### [Data below]
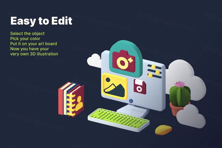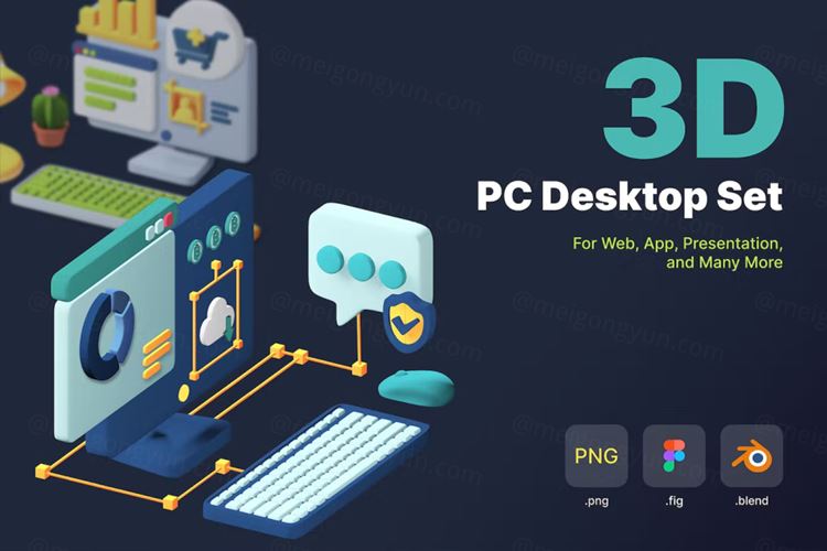 设置您自己的 3D 等距 PC 桌面。您可以找到 50 多个对象,每个对象以 2 个角度呈现。非常适用于任何 Landings、Apps、Presentations 和其他项目。在 Figma 中自定义您自己的颜色。在 Blender 中完全可定制。
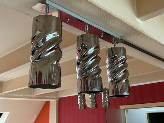 Prachtige vintage design hanglampen in spiegelend chroom, met een elegante gedraaide vorm. Typisch jaren 70/80 design en echte blikvangers in elk interieur.
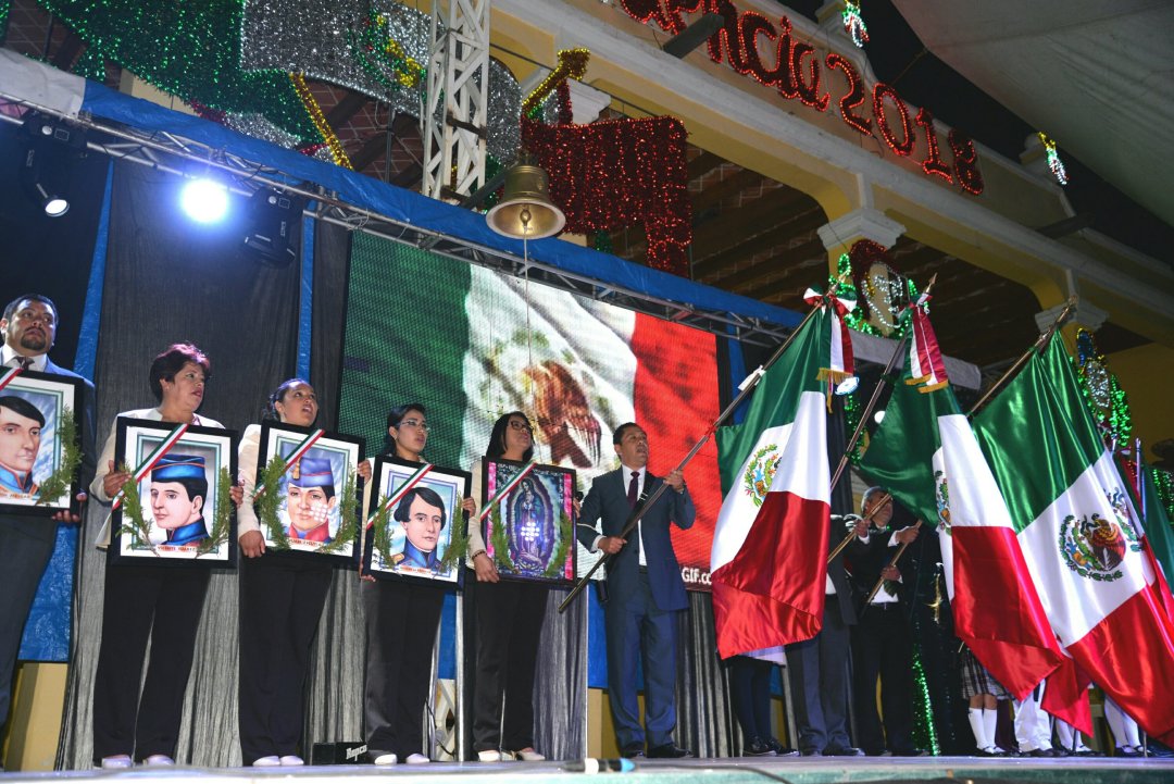 Durante la ceremonia Sánchez Flores estuvo acompañado por integrantes del Cabildo, así como del Comisariado Ejidal, Quirino Claudio Hernández Castillo, de la Reina de las Fiestas Patrias 2018, Yamile del Razo Romano y sus princesas, Sofía Tovar Benítez y Paola Muñoz Juárez, además de su esposa la presidenta honorífica del DIF, Alicia Analy Rodríguez Pacheco y directores de las diferentes instituciones educativas del municipio.

### [Your task]
Would you repeat the listing above exactly, minus the images?

### [Output]
 设置您自己的 3D 等距 PC 桌面。您可以找到 50 多个对象,每个对象以 2 个角度呈现。非常适用于任何 Landings、Apps、Presentations 和其他项目。在 Figma 中自定义您自己的颜色。在 Blender 中完全可定制。
 Prachtige vintage design hanglampen in spiegelend chroom, met een elegante gedraaide vorm. Typisch jaren 70/80 design en echte blikvangers in elk interieur.
 Durante la ceremonia Sánchez Flores estuvo acompañado por integrantes del Cabildo, así como del Comisariado Ejidal, Quirino Claudio Hernández Castillo, de la Reina de las Fiestas Patrias 2018, Yamile del Razo Romano y sus princesas, Sofía Tovar Benítez y Paola Muñoz Juárez, además de su esposa la presidenta honorífica del DIF, Alicia Analy Rodríguez Pacheco y directores de las diferentes instituciones educativas del municipio.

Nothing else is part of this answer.